DATA SHOWN —
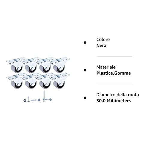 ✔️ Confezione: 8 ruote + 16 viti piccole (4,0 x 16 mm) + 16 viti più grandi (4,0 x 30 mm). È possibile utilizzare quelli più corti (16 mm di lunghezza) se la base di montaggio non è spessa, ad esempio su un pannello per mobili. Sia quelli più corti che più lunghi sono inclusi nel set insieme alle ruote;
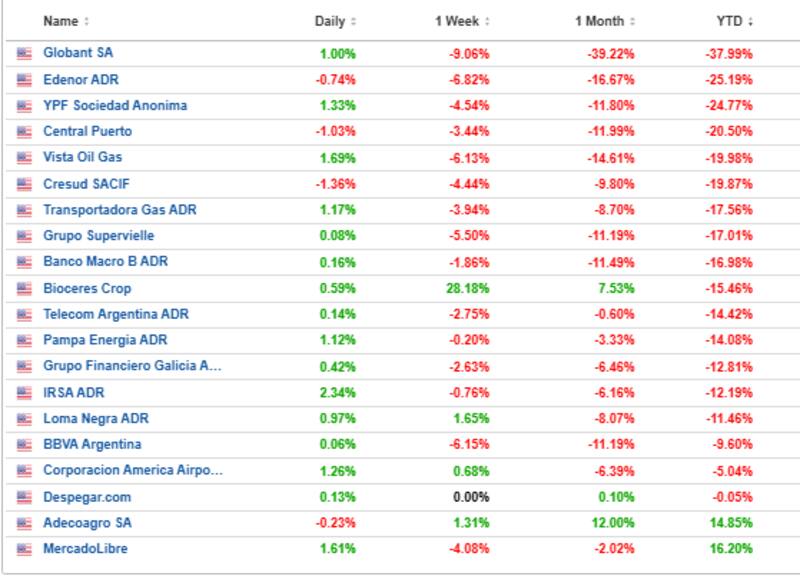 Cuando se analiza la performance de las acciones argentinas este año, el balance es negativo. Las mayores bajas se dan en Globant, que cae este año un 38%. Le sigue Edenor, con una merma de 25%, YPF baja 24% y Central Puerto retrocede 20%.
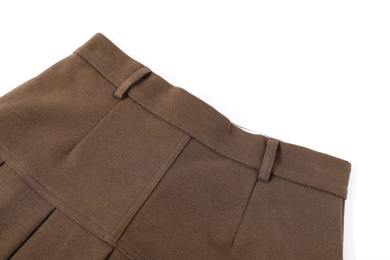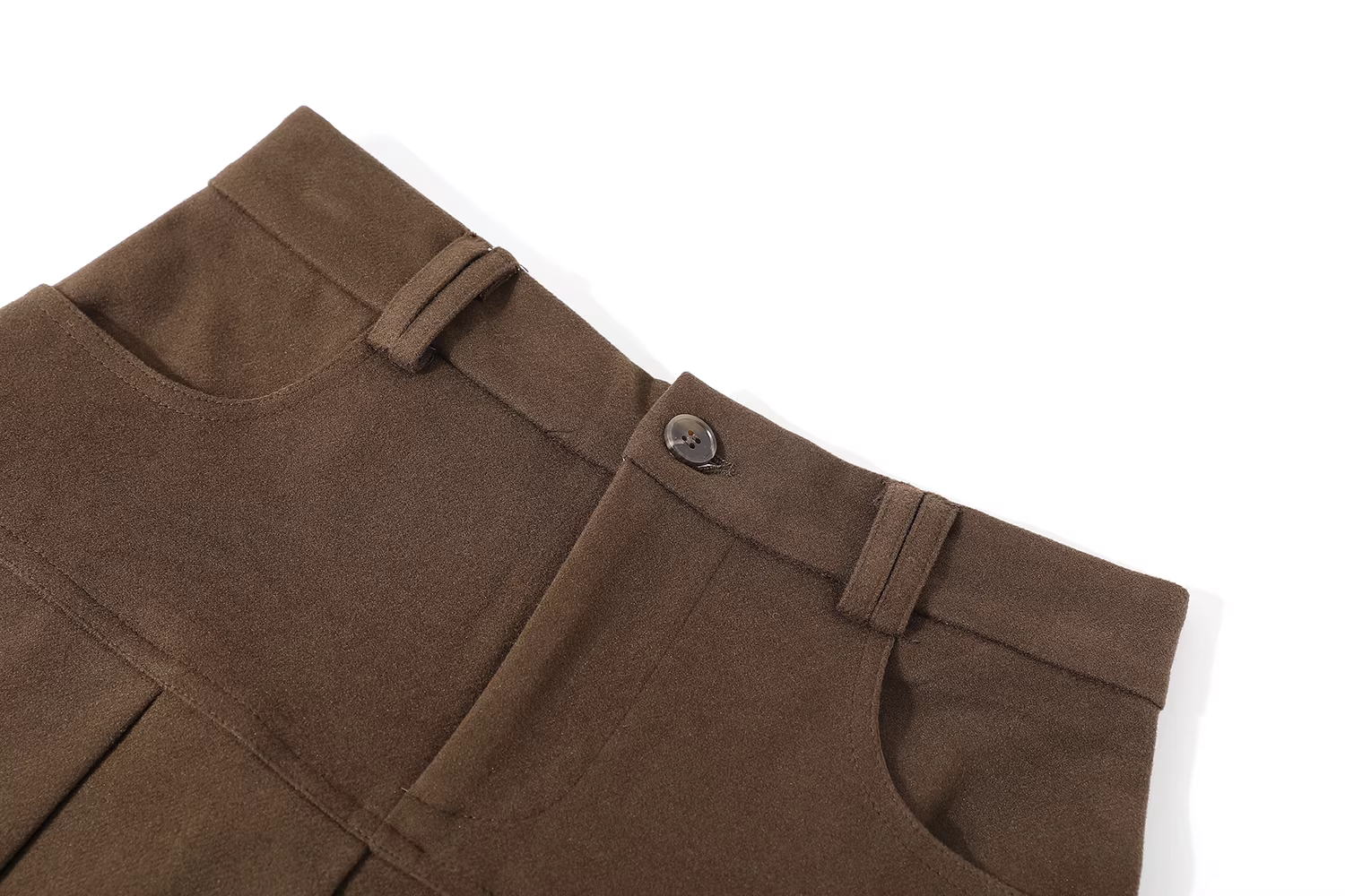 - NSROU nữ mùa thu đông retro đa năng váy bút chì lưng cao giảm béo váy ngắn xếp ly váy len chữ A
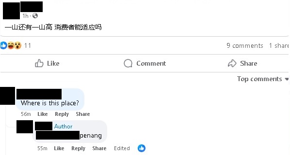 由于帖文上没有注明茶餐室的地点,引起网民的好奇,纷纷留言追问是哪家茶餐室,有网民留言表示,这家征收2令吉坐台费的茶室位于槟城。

ABOUT THIS TASK —
Print the listing above in full, exactly as written. Omit any pictures.

TASK RESULT —
 ✔️ Confezione: 8 ruote + 16 viti piccole (4,0 x 16 mm) + 16 viti più grandi (4,0 x 30 mm). È possibile utilizzare quelli più corti (16 mm di lunghezza) se la base di montaggio non è spessa, ad esempio su un pannello per mobili. Sia quelli più corti che più lunghi sono inclusi nel set insieme alle ruote;
 Cuando se analiza la performance de las acciones argentinas este año, el balance es negativo. Las mayores bajas se dan en Globant, que cae este año un 38%. Le sigue Edenor, con una merma de 25%, YPF baja 24% y Central Puerto retrocede 20%.
 - NSROU nữ mùa thu đông retro đa năng váy bút chì lưng cao giảm béo váy ngắn xếp ly váy len chữ A
 由于帖文上没有注明茶餐室的地点,引起网民的好奇,纷纷留言追问是哪家茶餐室,有网民留言表示,这家征收2令吉坐台费的茶室位于槟城。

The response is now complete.